1. A modified high molecular polymer intelligent early warning flame retardant material is characterized in that the preparation method of the modified high molecular polymer intelligent early warning flame retardant material comprises the following steps:

modifying a high molecular polymer by using diisocyanate, grafting an isocyanate group on the surface of the high molecular polymer, adding the high molecular polymer modified by the diisocyanate into a dispersion liquid of graphene oxide, reacting under a shaking condition to form a graphene layer on the surface of the high molecular polymer, then adding aminopropyltriethoxysilane for reaction, adding two different silanes into the high molecular polymer reacted with the aminopropyltriethoxysilane, reacting for a set time at room temperature, dropwise adding hydrochloric acid, and heating for continuing to react for a set time;

the addition amount of diisocyanate is as follows: adding 10 to 15mL of diisocyanate into each square centimeter of high-molecular polymer;

the two different silanes are dimethyl diethoxysilane with the purity of more than or equal to 98 percent and phenyl triethoxysilane with the purity of more than or equal to 97 percent, or diethoxymethyl phenylsilane and phenyl triethoxysilane with the purity of more than or equal to 98 percent, or dimethyl diethoxysilane with the purity of more than 98 percent and phenyl tri (trimethylsiloxy) silane with the purity of more than 98 percent, or diethoxymethyl phenylsilane with the purity of more than 98 percent and phenyl tri (trimethylsiloxy) silane with the purity of more than 98 percent;

the reaction temperature for modification by diisocyanate is 35 to 80 ℃, and the reaction time is 2 to 8 hours.

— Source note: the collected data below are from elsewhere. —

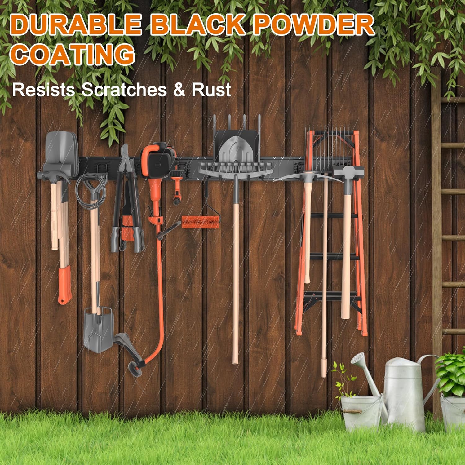 - [Multi-functional Tool Rack]: This tool storage rack is not limited to tools, but can also accommodate items such as brooms, hoses, yard tools, sports equipment, etc; Whether in the garage, yard, garden, basement, tool shed, gym, home, etc; The wall mount tool organizer provides a viable solution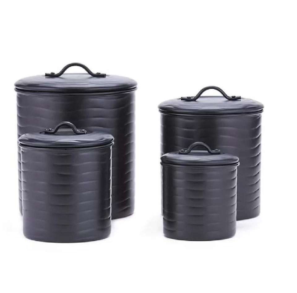 Ensemble de qualité supérieure de 4 conteneurs de stockage galvanisés noirs organisateur solide pour les restaurants et l'utilisation de stockage d'hôtel d'Inde
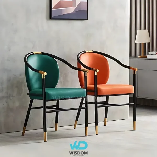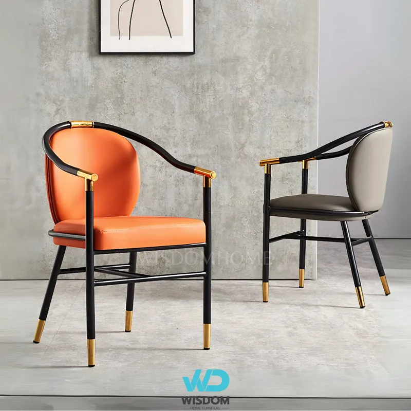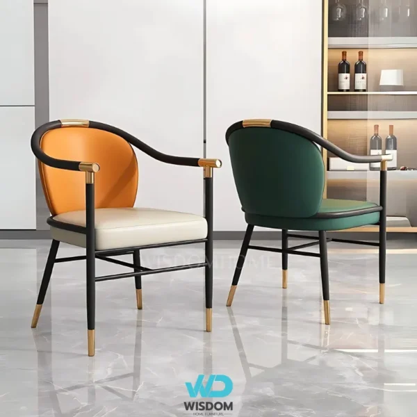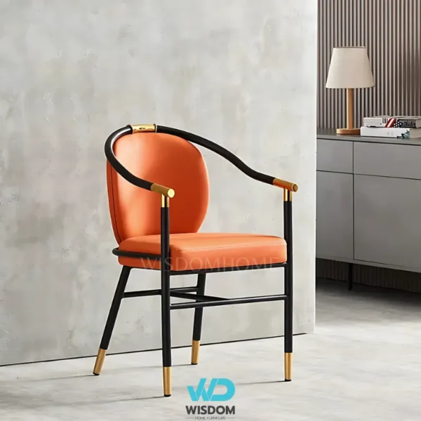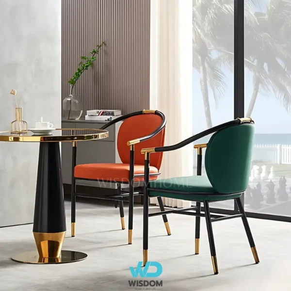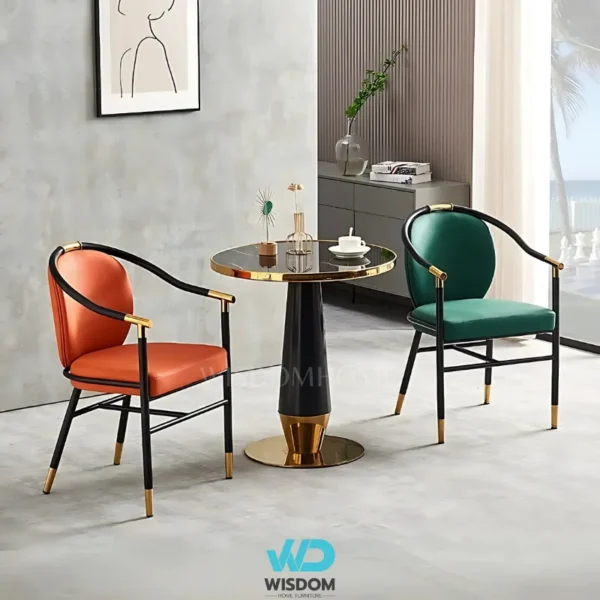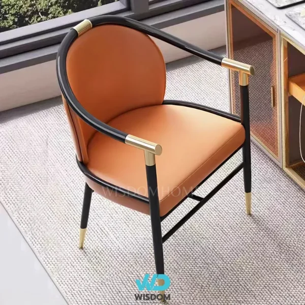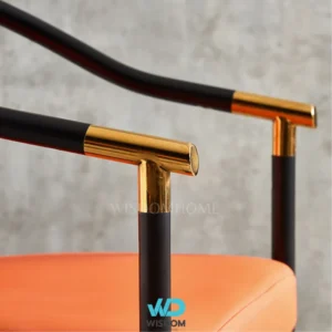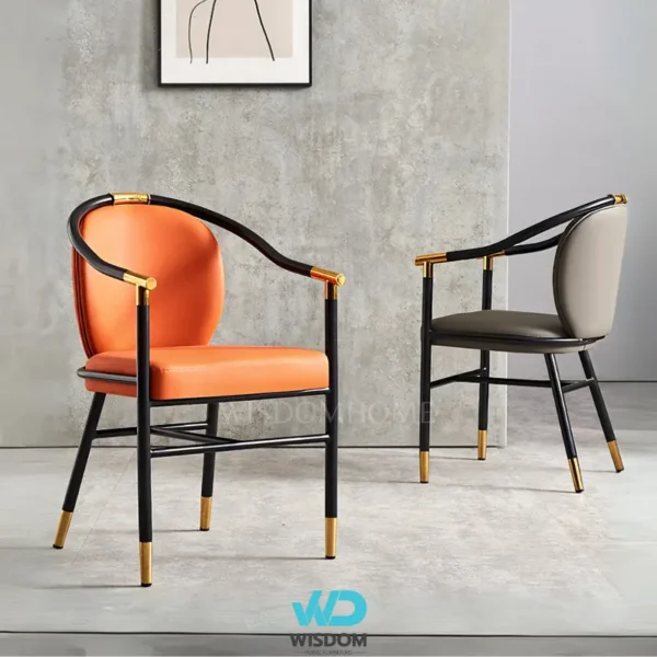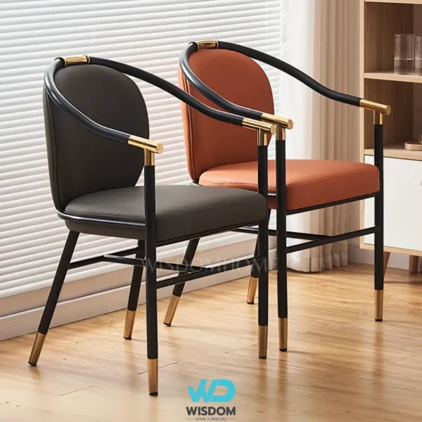 - เก้าอี้ทานอาหารสไตล์โมเดิร์น โครงขาเหล็กคาร์บอน สีดำ (ตัดขอบ และหุ้มปลายขาด้วยสแตนเลสสีทอง)

2. The modified high-molecular polymer intelligent early-warning flame-retardant material as claimed in claim 1, wherein the process of modification by diisocyanate is as follows: adding high molecular polymer into diisocyanate solution, and adding catalyst for reaction.

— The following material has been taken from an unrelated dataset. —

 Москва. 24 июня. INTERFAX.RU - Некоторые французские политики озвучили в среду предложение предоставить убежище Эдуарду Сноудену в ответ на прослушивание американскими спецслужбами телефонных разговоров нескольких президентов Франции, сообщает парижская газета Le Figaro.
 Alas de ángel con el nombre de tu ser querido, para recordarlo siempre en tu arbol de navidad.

3. The modified high-molecular polymer intelligent early warning flame retardant material as claimed in claim 1, wherein the high-molecular polymer reacted with graphene oxide and N, N' -dicyclohexylcarbodiimide are dispersed in a solution of aminopropyltriethoxysilane, and heated to 60-80 ℃ for reaction.

4. The intelligent early warning flame retardant material of modified high molecular polymer as claimed in claim 1, wherein the concentration of hydrochloric acid is 40 ± 5wt%.

5. The modified high-molecular polymer intelligent early-warning flame-retardant material as claimed in claim 1, wherein the reaction time is 6-10 h and the reaction temperature is 50-70 ℃ after hydrochloric acid is added dropwise.

6. An application of the modified high molecular polymer intelligent early warning flame retardant material of any one of claims 1 to 5 in the fields of fire-fighting equipment, chemical building materials, automobile industry, ship industry, aerospace or electronic devices.